Some researchers claim: "The end of closed-source large models has come."

OpenAI has consistently kept its latest LLM closed-source, which has provoked a certain degree of backlash from the public.

OpenAI and Google have warned that releasing such powerful models in the open-source domain is highly dangerous, as the technology could be used to spread misinformation.

They also tend to adopt a defensive release model to strictly control how the models are used.

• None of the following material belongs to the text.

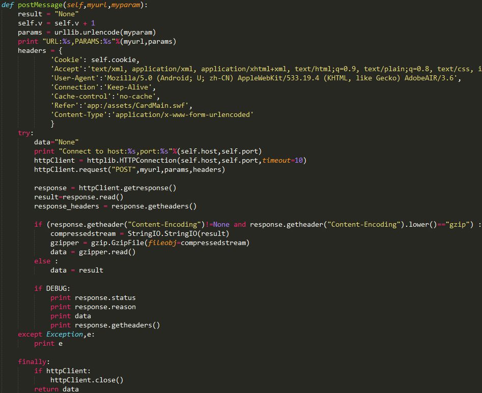使用Python的urllib库来进行HTTP协议发送,另外,由于server端可能返回gzip格式的数据内容,所以需要利用Python的gzip库对gzip格式的返回数据进行解码。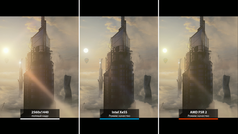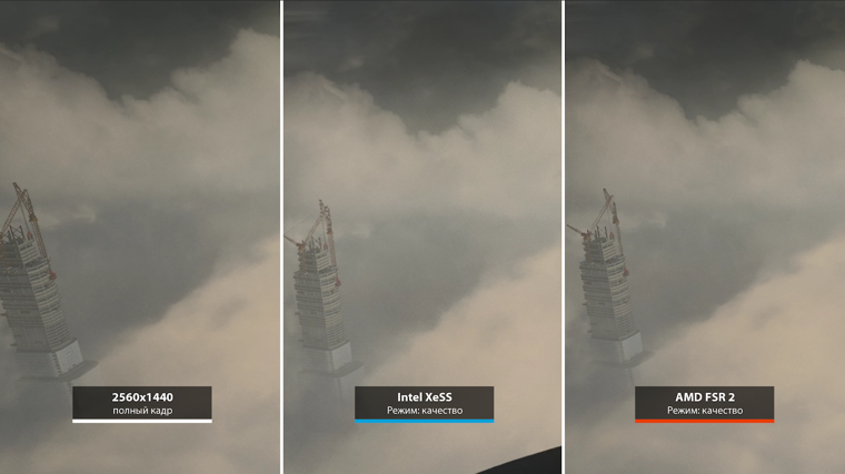 Если FSR в открывающей катсцене встречает нас косяками с отработкой прозрачности облаков и дрожащим фасадом небоскреба, чего нет при задействовании XeSS...

They spent months developing safety guardrails for their LLMs, ensuring they wouldn't be used to spread misinformation and hate speech or generate biased answers to questions.

Mixtral focuses on open-sourcing all its AI software, firmly positioning itself on the opposite side of the increasingly intense culture war.

They firmly believe that generative AI technology should be open-source, allowing free replication and modification of LLM code, through which they aim to help other users quickly build their own chatbots.

Their pursuit is also clear: "An open, responsible, and decentralized technological approach."

Sharing the underlying code of AI widely is the safest approach, as more people can review the technology, identify its flaws, and work to eliminate or mitigate them. Anjney Midha, General Partner at top venture capital firm Andreessen Horowitz, stated in an interview with The New York Times that he led the Series A investment in Mistral AI.

"No engineering team can find every bug," he said. "Large communities are better at building cheaper, faster, better, and safer software."

Domestic AI startup Mianbi Intelligence is committed to the commercial implementation of open-source LLMs.

Facing market competition, the free use of open-source software serves as a highly attractive customer acquisition strategy, while low-cost trial-and-error also helps accelerate innovation. "By adopting the open-source approach, we can more quickly reach potential user groups and reduce enterprises' cognitive and decision-making barriers," co-founder Zeng Guoyang once told Machine Heart.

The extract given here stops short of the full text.